The new, first of its kind app, at www.iodine.com/cold-and-flu, helps people sift through the 300+ options in the cold and flu aisle to find and compare medications that treat their own combination of symptoms. 

Iodine was founded in San Francisco in 2013 by Thomas Goetz, former executive editor of WIRED. The company launched Iodine.com in 2014, combining clinical research with real life experience to create better information that can yield new insights. According to the company web site, the combination can reduce fear and uncertainty about health, enhance the dialogue between people and their care providers and create valuable opportunities for better care.

Iodine said it built the cold and flu app because choosing between cold medicines is confusing: Drugstores offer over 300 cold and flu products that combine just four types of ingredients: decongestants, pain and fever reducers, cough suppressants, and expectorants. Each brand name has its own version of almost every combination, plus various dosage forms (such as liquid or tablets) and dosage strengths. Deciphering different products and ingredients is confusing to anyone without medical training.

In addition, consumers spend an extra $44 billion a year on brand-name products in drugstores, including over-the-counter medications and other health items, according to the National Bureau of Economic Research.
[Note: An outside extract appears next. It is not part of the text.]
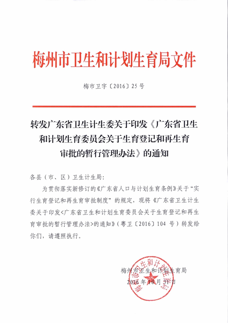梅州市人民政府門戶網站 梅州市衛生健康局 政策文件 轉發廣東省衛生計生委關於印發《廣東省衛生和計劃生育委員會關於生育登記和再生育審批的暫行管理辦法》的通知

And people are taking more medicine than they need: Many choose combination products that have more ingredients than necessary, putting them at higher risk for side effects, drug interactions and overdoses.

With the app, people can select cold and flu symptoms to see a short list of ingredients that treat them, plus a side-by-side comparison of products that contain those ingredients. Then they can print, text or email the list to themselves to take to the store.

"We built our cold and flu app because we think consumers are overwhelmed by options and marketing in the cold and flu aisle," said Amanda Angelotti, M.D., director of product at Iodine. "They're overspending on brand names and often taking combination products with more ingredients than they really need. Iodine's cold and flu app helps you narrow down your options to products that treat the symptoms you actually have, and shows you store brands and generics that cost less but work just as well."

Iodine is dedicated to giving individuals better, more actionable information about their healthcare choices, starting with medications. The company's online interactive tools enable individuals to drill into massive amounts of data from clinical research and real life experience to gain deeper insights into their choices about medications, both prescription and over-the-counter. The company is staffed by a team of data scientists, designers and healthcare experts, and has been called "the Yelp of medicine" by TIME.